Directions: There are pictures in the records below; leave them out and set down exactly the lines from the one holding "Der diesjährige Jahresausflug" through the one holding "Sau khi đăng".

Dataset content:
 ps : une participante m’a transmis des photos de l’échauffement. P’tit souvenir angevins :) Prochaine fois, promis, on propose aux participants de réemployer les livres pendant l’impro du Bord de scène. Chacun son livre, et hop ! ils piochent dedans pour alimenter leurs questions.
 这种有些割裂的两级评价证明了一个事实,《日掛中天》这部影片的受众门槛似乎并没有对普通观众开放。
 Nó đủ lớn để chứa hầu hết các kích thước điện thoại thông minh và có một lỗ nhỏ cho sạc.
--
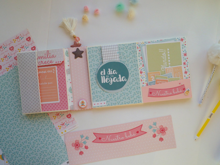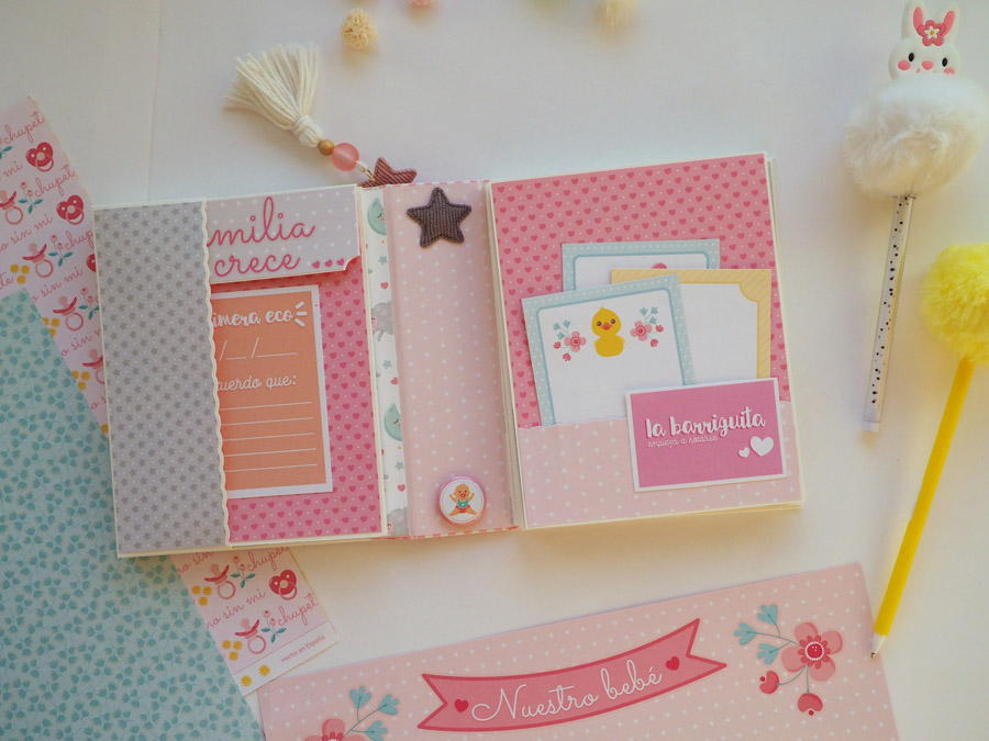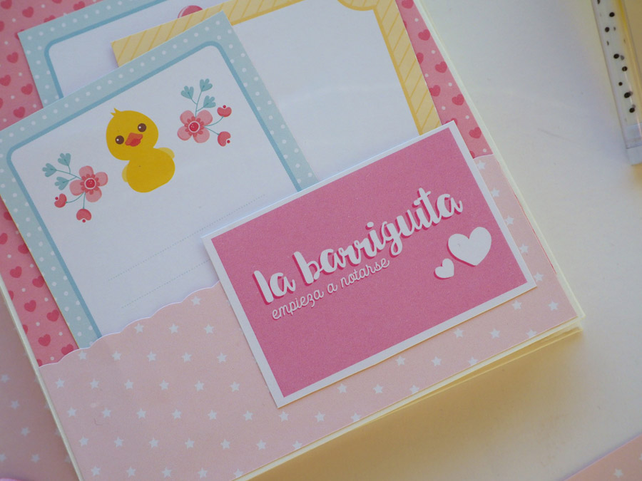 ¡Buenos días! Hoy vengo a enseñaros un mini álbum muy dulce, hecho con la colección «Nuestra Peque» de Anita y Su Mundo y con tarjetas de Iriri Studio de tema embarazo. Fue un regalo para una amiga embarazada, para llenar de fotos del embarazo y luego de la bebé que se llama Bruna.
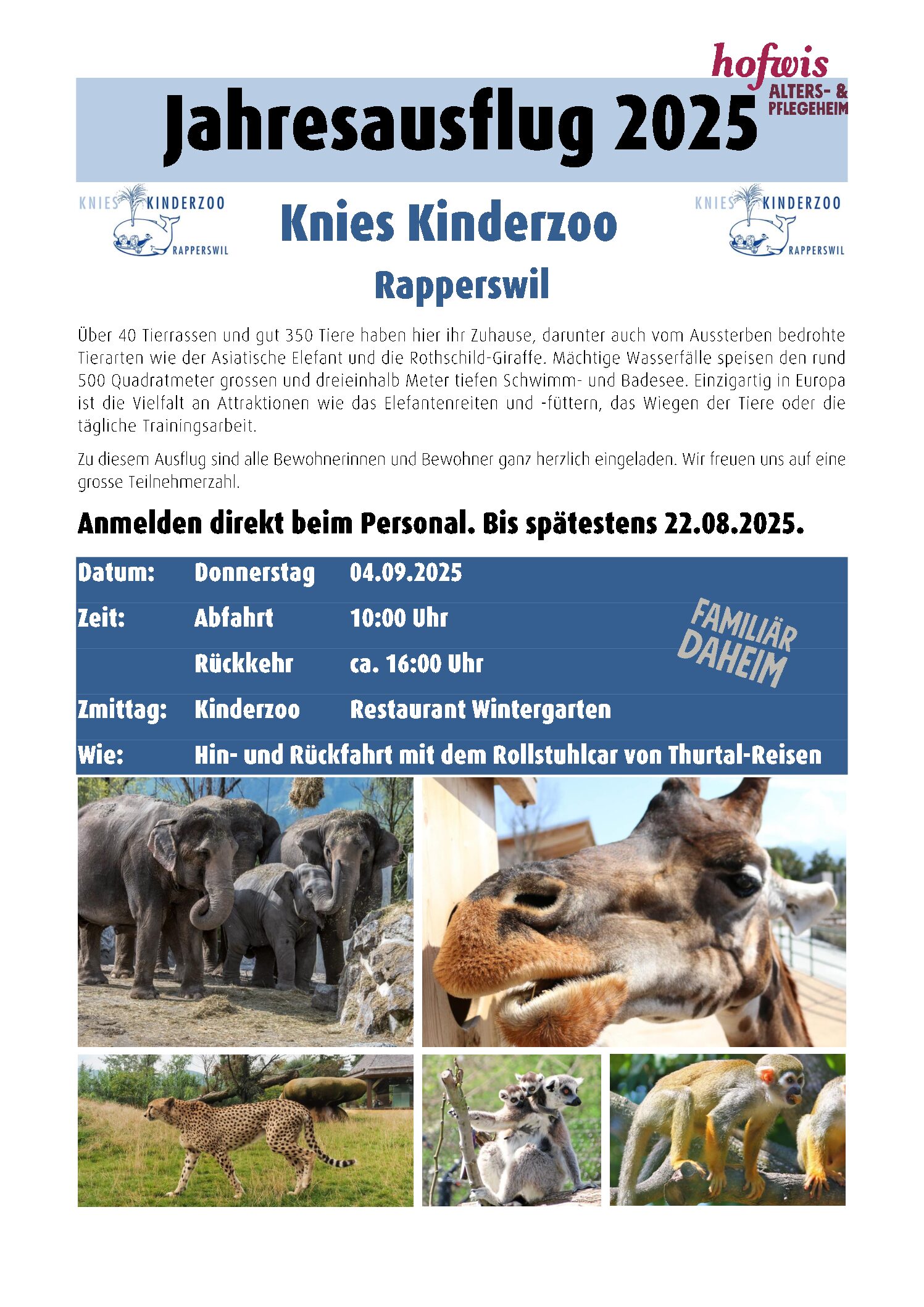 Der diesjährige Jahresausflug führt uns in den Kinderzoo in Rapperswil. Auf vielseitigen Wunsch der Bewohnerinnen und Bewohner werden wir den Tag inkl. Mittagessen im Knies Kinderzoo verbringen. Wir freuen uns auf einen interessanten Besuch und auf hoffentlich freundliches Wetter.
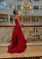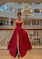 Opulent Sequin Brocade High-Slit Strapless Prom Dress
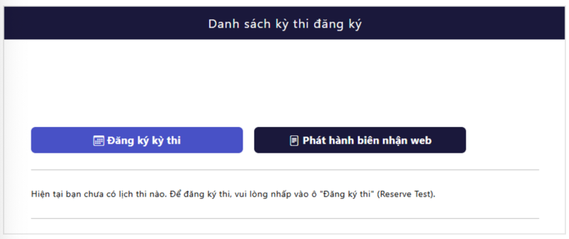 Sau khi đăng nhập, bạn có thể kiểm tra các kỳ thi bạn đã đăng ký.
--
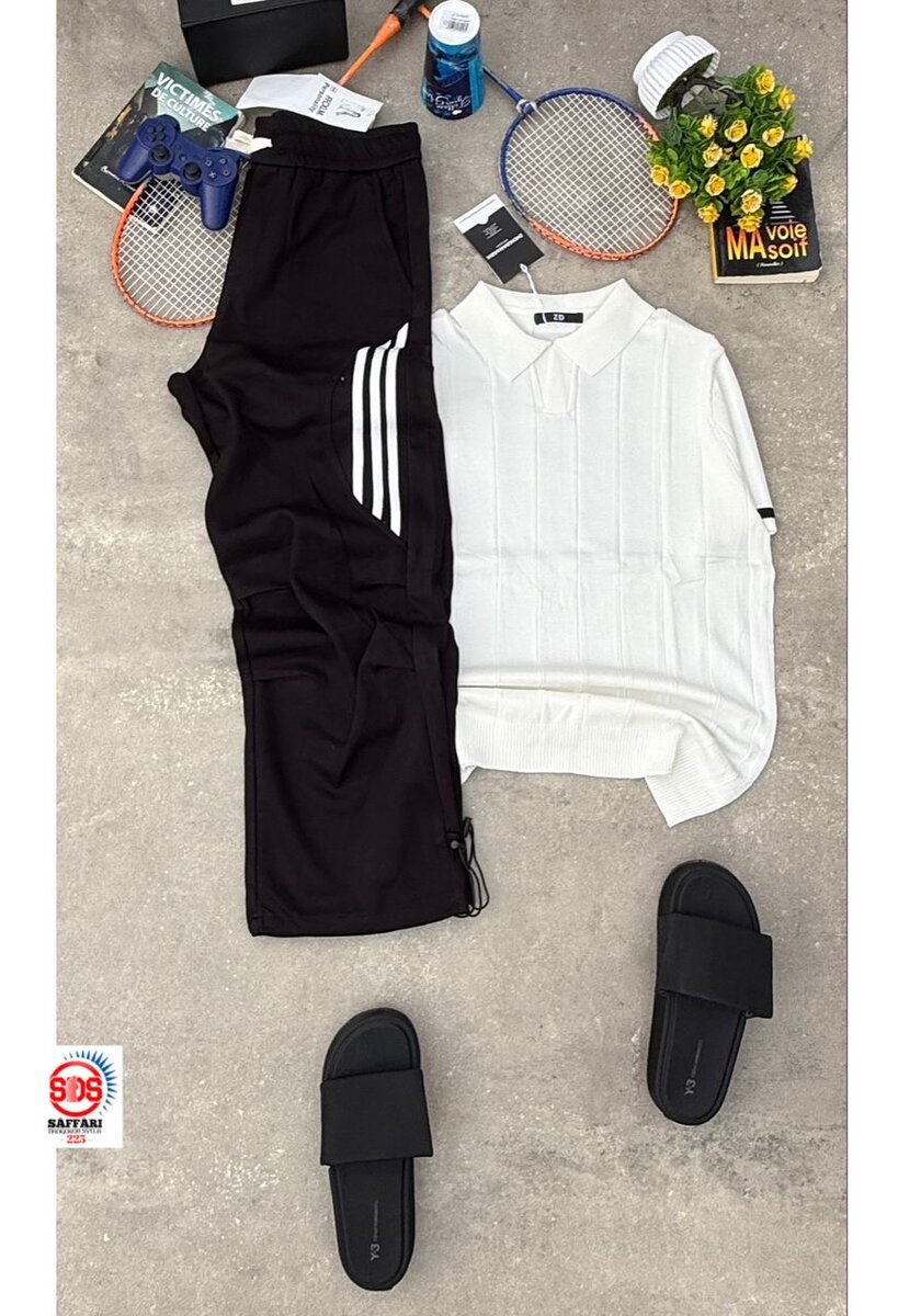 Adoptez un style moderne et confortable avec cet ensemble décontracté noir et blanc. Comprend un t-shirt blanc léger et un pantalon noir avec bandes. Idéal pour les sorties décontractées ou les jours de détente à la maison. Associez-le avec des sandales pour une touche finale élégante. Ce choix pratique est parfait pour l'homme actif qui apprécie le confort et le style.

Response for this exercise:
 Der diesjährige Jahresausflug führt uns in den Kinderzoo in Rapperswil. Auf vielseitigen Wunsch der Bewohnerinnen und Bewohner werden wir den Tag inkl. Mittagessen im Knies Kinderzoo verbringen. Wir freuen uns auf einen interessanten Besuch und auf hoffentlich freundliches Wetter.
 Opulent Sequin Brocade High-Slit Strapless Prom Dress
 Sau khi đăng nhập, bạn có thể kiểm tra các kỳ thi bạn đã đăng ký.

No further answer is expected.